Nadia Chan profile

Nadia Chan

Gestionnaire, Arbres et paysage, Service de l’aménagement et du développement, Ville de Surrey

Représentante de la région Pacifique, Réseau canadien de la forêt urbaine (RCFU)

1. Quelles sont les réalisations dont vous êtes la plus fière?

Je suis fière du temps que j’ai consacré bénévolement en tant que directrice de la section Pacifique Nord-Ouest de l’ISA (International Society of Arboriculture) et du Conseil sur les espèces envahissantes de Colombie-Britannique. Je suis aussi incroyablement fière de l’équipe d’arboriculteurs et d’arboricultrices avec laquelle je travaille actuellement. Nous avons dû faire face à beaucoup de changements au cours des quatre dernières années. Certains nous ont facilité la tâche, d’autres ont rendu les choses plus difficiles. Malgré tout, l’équipe reste soudée et motivée quelles que soient les circonstances. La gestion du changement peut être complexe, mais le fait de reconnaître que le changement est nécessaire a apporté des opportunités très intéressantes pour l’équipe, y compris pour moi.

2. En quoi le domaine de la foresterie urbaine a-t-il changé depuis votre arrivée dans la profession et quelles sont les principales perspectives d’avenir pour les femmes dans votre secteur?

J’ai commencé à travailler dans la foresterie urbaine il y a 20 ans. J’étais l’une des rares femmes arboricultrices qui travaillaient pour la Ville de Surrey. Lorsque j’assistais à des conférences et des formations, j’étais l’une des seules femmes dans la salle. Je me réjouis de voir évoluer notre représentation dans le secteur. Il ne s’agit pas seulement de voir plus de femmes au travail, il s’agit de voir des femmes occuper des postes à tous les niveaux. On trouve plus de femmes à des postes d’entretien des arbres, de conseil en arboriculture, d’élagage, de supervision et de gestion que ce que j’aurais pu imaginer lorsque j’ai commencé dans la profession.

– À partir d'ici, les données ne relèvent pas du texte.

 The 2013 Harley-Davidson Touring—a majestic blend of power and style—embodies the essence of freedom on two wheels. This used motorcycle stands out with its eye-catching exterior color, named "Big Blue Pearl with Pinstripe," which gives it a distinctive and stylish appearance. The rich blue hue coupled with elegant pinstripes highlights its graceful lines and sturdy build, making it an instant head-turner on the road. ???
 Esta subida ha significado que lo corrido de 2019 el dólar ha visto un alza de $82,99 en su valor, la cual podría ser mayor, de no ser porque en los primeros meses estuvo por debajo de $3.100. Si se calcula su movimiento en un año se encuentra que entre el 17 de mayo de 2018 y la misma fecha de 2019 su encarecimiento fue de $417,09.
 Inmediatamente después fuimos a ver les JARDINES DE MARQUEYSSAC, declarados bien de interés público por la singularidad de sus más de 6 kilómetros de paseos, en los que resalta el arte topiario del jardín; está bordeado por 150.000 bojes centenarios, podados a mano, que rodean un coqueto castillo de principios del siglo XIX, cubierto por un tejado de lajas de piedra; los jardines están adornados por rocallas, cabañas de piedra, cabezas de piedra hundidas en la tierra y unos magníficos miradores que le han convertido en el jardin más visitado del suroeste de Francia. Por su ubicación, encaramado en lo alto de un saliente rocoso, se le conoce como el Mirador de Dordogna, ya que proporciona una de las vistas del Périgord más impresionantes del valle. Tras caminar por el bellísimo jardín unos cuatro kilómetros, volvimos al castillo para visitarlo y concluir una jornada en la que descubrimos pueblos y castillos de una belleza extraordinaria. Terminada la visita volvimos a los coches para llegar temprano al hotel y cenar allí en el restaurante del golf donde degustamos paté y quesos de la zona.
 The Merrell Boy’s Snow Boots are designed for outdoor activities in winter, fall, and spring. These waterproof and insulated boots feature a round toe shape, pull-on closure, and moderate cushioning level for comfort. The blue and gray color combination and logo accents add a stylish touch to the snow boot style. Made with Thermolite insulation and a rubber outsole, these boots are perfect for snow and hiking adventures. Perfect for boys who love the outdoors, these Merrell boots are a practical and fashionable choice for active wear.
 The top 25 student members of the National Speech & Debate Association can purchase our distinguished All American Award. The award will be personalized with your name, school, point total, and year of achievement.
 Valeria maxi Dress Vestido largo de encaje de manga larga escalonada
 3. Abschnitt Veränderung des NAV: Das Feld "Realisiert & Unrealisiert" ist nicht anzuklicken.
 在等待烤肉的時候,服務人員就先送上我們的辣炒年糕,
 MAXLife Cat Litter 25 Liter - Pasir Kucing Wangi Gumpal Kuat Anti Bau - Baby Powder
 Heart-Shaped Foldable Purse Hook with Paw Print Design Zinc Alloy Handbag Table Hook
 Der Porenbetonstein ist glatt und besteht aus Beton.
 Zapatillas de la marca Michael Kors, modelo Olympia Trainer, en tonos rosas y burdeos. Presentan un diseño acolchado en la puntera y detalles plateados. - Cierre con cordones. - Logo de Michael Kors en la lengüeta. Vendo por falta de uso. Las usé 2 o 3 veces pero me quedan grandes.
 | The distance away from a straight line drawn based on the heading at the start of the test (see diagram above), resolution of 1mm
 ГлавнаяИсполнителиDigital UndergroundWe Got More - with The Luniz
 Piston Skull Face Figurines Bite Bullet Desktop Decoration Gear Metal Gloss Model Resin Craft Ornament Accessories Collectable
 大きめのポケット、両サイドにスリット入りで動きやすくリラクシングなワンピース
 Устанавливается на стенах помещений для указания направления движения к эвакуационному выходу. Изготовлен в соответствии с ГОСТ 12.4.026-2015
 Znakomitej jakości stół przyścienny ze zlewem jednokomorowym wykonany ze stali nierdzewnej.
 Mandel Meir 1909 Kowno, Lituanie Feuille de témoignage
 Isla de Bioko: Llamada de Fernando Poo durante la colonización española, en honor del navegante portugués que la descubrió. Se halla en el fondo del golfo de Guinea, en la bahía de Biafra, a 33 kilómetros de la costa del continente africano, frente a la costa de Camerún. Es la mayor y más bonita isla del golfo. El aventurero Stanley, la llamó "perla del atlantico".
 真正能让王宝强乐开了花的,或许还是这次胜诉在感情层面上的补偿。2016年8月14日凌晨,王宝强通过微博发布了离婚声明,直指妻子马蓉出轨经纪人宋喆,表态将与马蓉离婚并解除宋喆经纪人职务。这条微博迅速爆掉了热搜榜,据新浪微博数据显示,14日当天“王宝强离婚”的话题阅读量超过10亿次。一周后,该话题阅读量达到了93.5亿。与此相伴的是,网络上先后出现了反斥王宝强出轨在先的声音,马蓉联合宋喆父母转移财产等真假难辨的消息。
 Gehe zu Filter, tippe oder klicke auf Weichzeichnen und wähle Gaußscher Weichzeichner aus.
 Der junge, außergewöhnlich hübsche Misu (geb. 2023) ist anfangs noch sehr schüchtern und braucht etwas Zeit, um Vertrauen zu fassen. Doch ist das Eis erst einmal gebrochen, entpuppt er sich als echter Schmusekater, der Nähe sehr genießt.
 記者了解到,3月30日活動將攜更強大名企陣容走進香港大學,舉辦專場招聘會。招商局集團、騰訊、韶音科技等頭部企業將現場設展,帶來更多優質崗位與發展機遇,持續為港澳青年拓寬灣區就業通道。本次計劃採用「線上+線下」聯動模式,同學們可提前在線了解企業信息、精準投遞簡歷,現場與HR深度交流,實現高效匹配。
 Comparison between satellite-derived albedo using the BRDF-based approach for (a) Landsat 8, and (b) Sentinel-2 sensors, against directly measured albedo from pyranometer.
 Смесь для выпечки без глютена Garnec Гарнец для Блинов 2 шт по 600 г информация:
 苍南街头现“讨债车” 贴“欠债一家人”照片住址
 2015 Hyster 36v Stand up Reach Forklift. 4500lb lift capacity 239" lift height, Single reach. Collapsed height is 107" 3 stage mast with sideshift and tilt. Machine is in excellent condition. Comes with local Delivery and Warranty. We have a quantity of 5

Nous avons fait de grands progrès, mais on peut toujours faire mieux. C’est pourquoi il est important de continuer à viser une meilleure représentation dans le milieu. Si vous êtes une femme et que vous commencez dans le métier, il y a tant de possibilités qui vous attendent – saisissez-les! N’ayez pas peur d’essayer quelque chose de nouveau, cela pourrait vous apporter une formidable expérience.

3. Quel conseil donneriez-vous à des jeunes filles et des femmes qui veulent se lancer dans le domaine de la foresterie urbaine?

J’aurais aimé que quelqu’un m’aide à comprendre l’importance de créer un réseau de soutien lorsque j’ai commencé à travailler dans le domaine de la foresterie urbaine. Cela m’a pris beaucoup de temps avant d’être suffisamment à l’aise pour établir des relations authentiques avec les gens. Mais lorsque je me suis lancée, j’ai trouvé des personnes avec qui je pouvais parler du secteur, rire et pleurer, échanger des idées… On pouvait aussi tout simplement se soutenir mutuellement. J’ai pris confiance en moi une fois que j’ai eu ce réseau de soutien. Cette confiance m’a aidée à sortir de ma zone de confort pour essayer de nouvelles choses, ce qui m’a vraiment ouvert les portes du monde de la foresterie urbaine. J’ai pu créer de nouvelles possibilités pour moi et pour les autres. Ces nouvelles possibilités ont mené à des expériences, des postes et des engagements bénévoles vraiment intéressants. Sans le soutien de mes collègues, mentors et mentorés – des personnes avec qui je suis aujourd’hui liée d’amitié –, je ne pense pas que je serais là où je suis aujourd’hui.